Subsystem measurement in unitary quantum measurement theory with redundant entanglement

Abstract

Measurement of a degenerate (or non-degenerate) discrete observable is investigated in the framework of quantum measurement theory short of collapse, i.e. premeasurement theory, based on a unitary evolution operator that includes the measurement interaction between object and measuring instrument. A pointer observable with eigen-projectors of, in general, many (or even infinitely) dimensional ranges is introduced as a new approach. It leads to redundant entanglement in the final state. As the first main result, the basic dynamical relation of the approach is derived.
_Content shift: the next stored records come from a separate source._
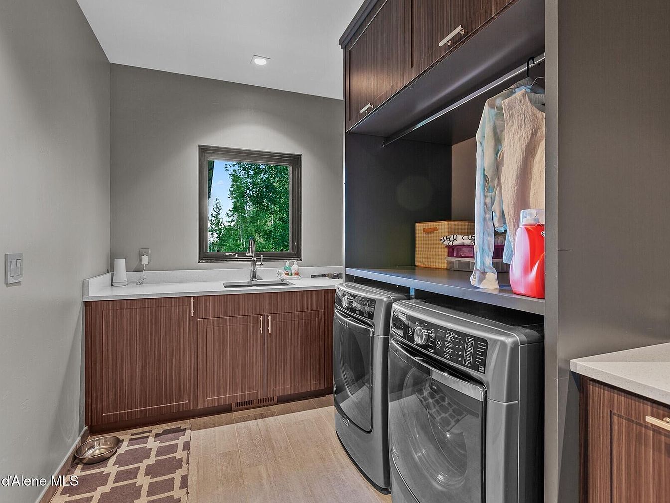 This laundry room features a practical and modern layout with sleek finishes. Dark wood cabinetry with subtle vertical grain lines provides ample storage, complemented by brushed metal handles. A washing machine and dryer, both in glossy black, sit side-by-side under open shelving, which is used for drying clothes and storing laundry essentials. A quartz countertop extends over the washer/dryer and along the opposite wall, incorporating a stainless steel sink placed under a window that offers natural light and views of greenery outside. The walls are painted soft gray, contrasting with warm beige tile flooring and a patterned area rug that adds texture and comfort to the space.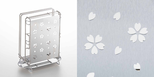 錆びにくく丈夫なステンレス製でお手入れもら楽々。シンプルなステンレスに桜柄が上品で華やかです。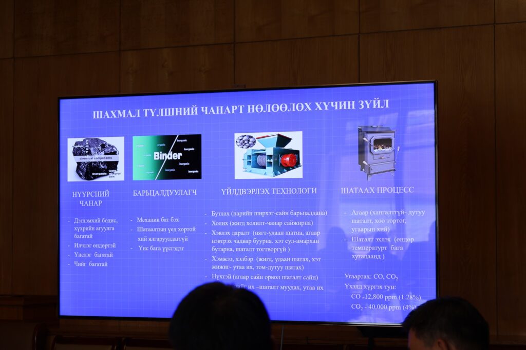 Мөн хуралдаанд ШУА-ийн Хими, химийн технологийн хүрээлэнгийн захирал, профессор Л.Жаргалсайхан Эрдэнэс Тавантолгой ХК-ийн тэг давхаргын баяжмал, түүнд тохирсон барьцалдуулагч бодисыг сонгох туршилт, судалгааны ажлын үр дүнг танилцуулав. Судалгааны дүгнэлтэд нүүрсэн шахмал түлшинд хамгийн тохиромжтой түүхий эд нь хагас кокс бөгөөд хагас коксоор шахмал түлш хийснээр хүхрийн болон нарийн ширхэгт тоосонцрын РМ2.5, РМ10 хэмжээг багадаа 50 хүртэл хувиар бууруулах боломжтойг дурдаж, тэг давхаргын баяжмалыг шахмал түлшний түүхий эд болгон шууд ашиглахгүй байхыг зөвлөлөө.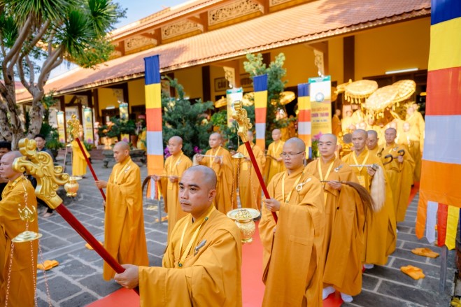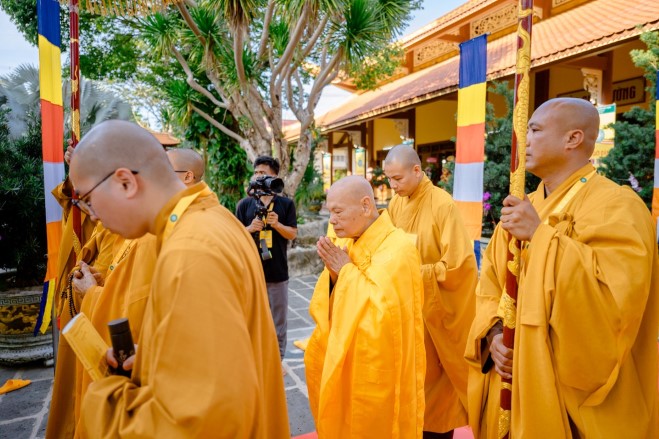 Đàn Tỳ-kheo Ni cung thỉnh Ni trưởng Thích Nữ Như Như – Đường đầu Hòa thượng đàn Tỳ-kheo Ni; Yết-ma A-xà-lê Ni trưởng Thích Nữ Chơn Minh; Giáo thọ A-xà-lê Ni trưởng Thích nữ Như Trí cùng tông chứng sư: Ni trưởng Thích Nữ Đền Liên; Ni trưởng Thích Nữ Như Tri; Ni trưởng Thích Nữ Như Hạnh; Ni trưởng Thích Nữ Như Hương; Ni trưởng Thích Nữ Như Mãn; Ni trưởng Thích Nữ Dung Liên; Ni trưởng Thích Nữ Mẫn Liên. Quang lâm Giới trường, chư giới sư an tọa theo ngôi vị đã được cung an, Ban Điển lễ hướng dẫn giới tử lần lượt cung thỉnh Đường đầu Hòa thượng, Yết-ma A-xà-lê, Giáo thọ A-xà-lê và chư vị Tôn chứng Tăng già theo đúng nghi pháp truyền giới.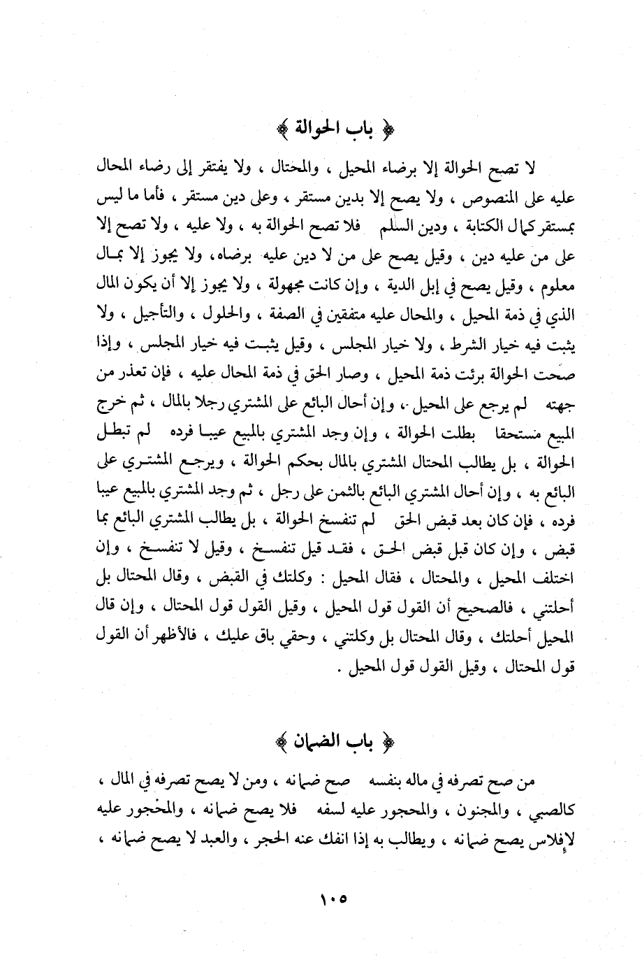 لا تصح الحوالة الا برضاء المحيل, والمحتال ولا يفتقر الى رضاء المحال عليه على المنصوص, ولا يصح الا بدين مستقر وعلى دين مستقر فأما ما ليس بمستقر كمال الكتابة ودين السلم, فلا تصح الحوالة به ولا عليه ولا تصح الا على من عليه دين وقيل يصح على من لا دين عليه برضاه ولا يجوز الا بمال معلوم وقيل يصح في ابل الدية وان كانت مجهولة, ولا يجوز الا أن يكون المال الذي في ذمة المحيل والمحال عليه متفقين في الصفة والحلول والتأجيل ولا يثبت فيه خيار الشرط ولا خيار المجلس وقيل يثبت فيه خيار المجلس واذا صحت الحوالة برئت ذمة المحيل, وصار الحق في ذمة المحال عليه فإن تعذر من جهته لم يرجع على المحيل وان أحال البائع على المشتري رجلا بالمال, ثم خرج المبيع مستحقا بطلت الحوالة وان وجد المشتري بالمبيع عيبا فرده لم تبطل الحوالة بل يطالب المحتال المشتري بالمال بحكم الحوالة, ويرجع المشتري على البائع به وان أحال المشتري البائع بالثمن على رجل ثم وجد المشتري بالمبيع عيبا فرده فإن كان بعد قبض الحق لم تنفسخ الحوالة بل يطالب المشتري البائع بما قبض, وان كان قبل قبض الحق فقد قيل تنفسخ وقيل لا تنفسخ وان اختلف المحيل والمحتال فقال المحيل وكلتك في القبض وقال المحتال بل أحلتني فالصحيح أن القول قول المحيل وقيل القول قول المحتال وان قال المحيل أحلتك وقال المحتال بل وكلتني وحقي باق عليك فالأظهر أن القول قول المحتال وقيل القول قول المحيل.

It is shown to be equivalent to the calibration condition, which is known to define general exact measurement. The latter is given a practical form. Complete measurement (premeasurement with objectification or collapse), which is in some sense implied by the premeasurement theory, performed on a subsystem of a bipartite object in a pure state is studied with particular attention to its effect on the opposite, interactionally unaffected subsystem. The change of state of the latter is derived for exact complete subsystem measurement, and it is shown that the change is the same as for the simplest, i.e. ideal measurement (this is the second main result). It is applied to the case of twin observables and thus distant measurement obtains a new, more satisfactory, foundation (the third main result). Distant measurement is a basic concept in the EPR phenomenon. The well-known importance of the latter implies importance of the former.